Now that the initial scramble to organize a daily home office routine has become, well, routine, many of us are lifting up our heads from the minute-to-minute problem-solving of the last few weeks and beginning to think long term.
What does that look like? Taking our in-person pitching online.
How can you ensure you are presenting your best self via this new medium?
Here, a few do’s and don’ts:
Set aside time for brainstorming and a formal practice prior to your meeting. Since you no longer have the luxury of running into colleagues in the hallway/elevator and “running an idea past you,” setting aside brainstorming time is critical. Formal practice is non-negotiable.
During your formal practice, make decisions about who will be handling each portion of the presentation and how and when you plan to hand things off to one another. This is easily muddied in real-time. Add in screens and you can really lose the plot.
Discuss your question policy: will you be taking questions throughout your presentation or are you going to ask them to be held until the end? Plan to announce your question policy at the outset of your meeting. If you are going to have people hold their questions until the end, encourage them to write them down so they don’t get forgotten.
You can also assign someone on your team to take note of questions and alert the people you’re meeting with to that function.

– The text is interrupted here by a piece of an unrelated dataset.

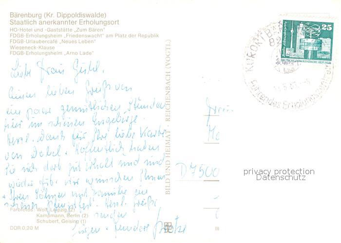 73115981 alte Postkarte Oberbaerenburg Baerenburg Gasthaus Zum Baeren FDGB Erholungsheim postalisch gelaufen Erhaltung siehe scans [KathaD81] KatCode: 11110014290010
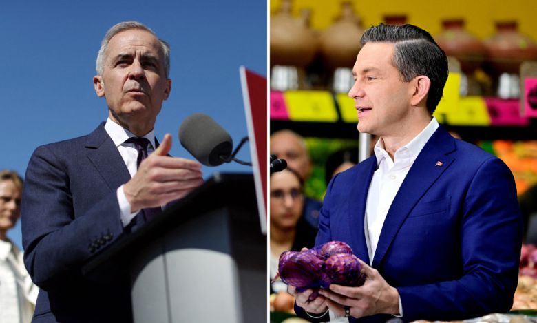 마크 카니 캐나다 총리가 20일(현지시간) 온타리오주 오타와의 네핀 선거구에서 열린 유세에서 연설하고 있다(왼쪽 사진). 집권 자유당에 도전하는 보수당의 피에르 폴리에브 대표는 이날 브리티시컬럼비아주 서리의 한 식료품 가게에서 선거운동을 하고 있다. AFP·로이터연합뉴스 |

This is helpful if you’re meeting with an interrupter. With a note-taker in place, you can say, “Excellent question. X is making a note of it,” and move on.
Send over a draft agenda prior to the meeting. While it’s understood that the people with whom you will be meeting may not look at it, it’s helpful to have it in hand once the meeting begins.

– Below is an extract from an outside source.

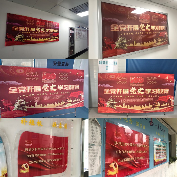 公司黨委第一時(shí)間編印專(zhuān)刊宣傳板報下發(fā)至所屬各單位和基層項目一線(xiàn),用好企業(yè)網(wǎng)站、微信公眾號、電子屏、宣傳欄和所屬各單位、各項目部所有宣傳陣地,在公司網(wǎng)站、微信公眾號先后開(kāi)設“百個(gè)瞬間說(shuō)百年”“黨史學(xué)習教育專(zhuān)欄系列報道”“榜樣的力量——安徽安裝公司先進(jìn)人物先進(jìn)事跡展播”“記錄奮進(jìn)力量—安徽安裝公司基層一線(xiàn)事跡展播”等專(zhuān)欄進(jìn)行專(zhuān)題宣傳,大力營(yíng)造“學(xué)習黨史有熱情,干事創(chuàng )業(yè)有激情”的良好氛圍,合肥分公司黨支部舉辦黨史學(xué)習教育主題攝影大賽,努力營(yíng)造悟初心、守初心、踐初心的強大聲勢。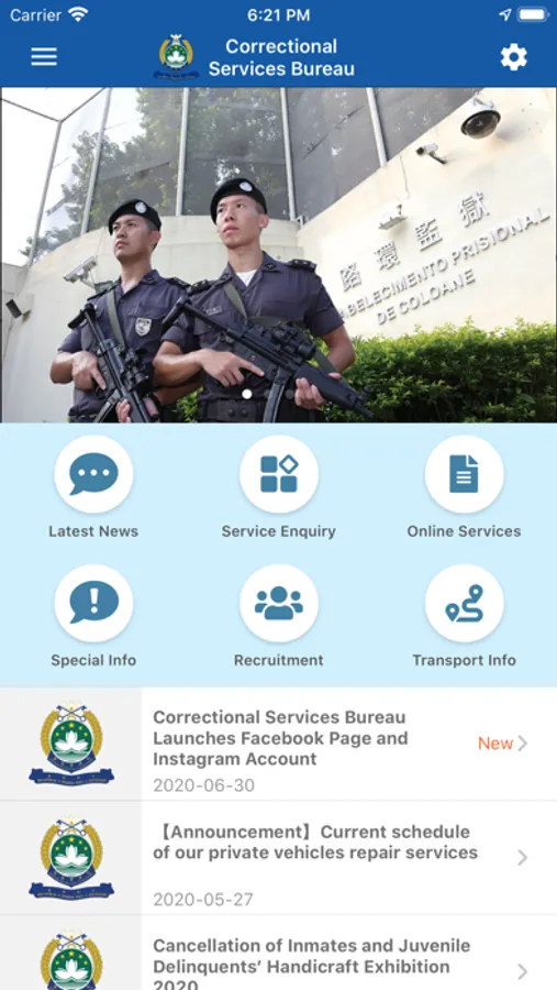 For different sectors and the public to access the latest information and the Online services of the Correctional Services Bureau conveniently, the “Correctional Services Bureau Mobile Application” has launched. With the Application, users, no matter where they are, will be able to have easy and swift access to the Bureau’s information.

Respect time limits. In addition to the usual work-related attention tugs, your audience now has home-related attention tugs. Don’t run long. Small children and dogs can only be kept at bay for so long.
As with all online meetings, have tech support information front and center—not only for your team but also for the team with which you’re meeting.
Have your entire team online no less than 10 minutes before the scheduled start of your meeting.
If the people you are meeting with roll into the meeting early, have 3 small-talk topics handy. Don’t use that time to check your phone / finish up a text. Make a human connection.
Distractions are difficult enough in real-time pitches—add in screens and you can count on the people you are meeting with beginning to work through their to-do lists on the sly. With this in mind, build in places where you ask for input. This might sound like, “To me, your customer’s biggest pain point seems to be X, but you are the expert. Do I have that right?”
After you have asked any question, give the person TIME to think/respond. Don’t assume because they aren’t speaking that they aren’t thinking about what you have said. It’s bad enough in real-time, where—when someone doesn’t respond immediately—many of us rephrase the question or turn it into a multiple-choice quiz. When you add screens you must practice a black-belt level of patience while you wait for their response.
If you are going to ask people to hold questions until the end, build in time to answer those questions.
Plan to follow up with a written recap of what occurred. Everyone is struggling to pay attention these days. Giving people a written debrief is a kindness they will appreciate.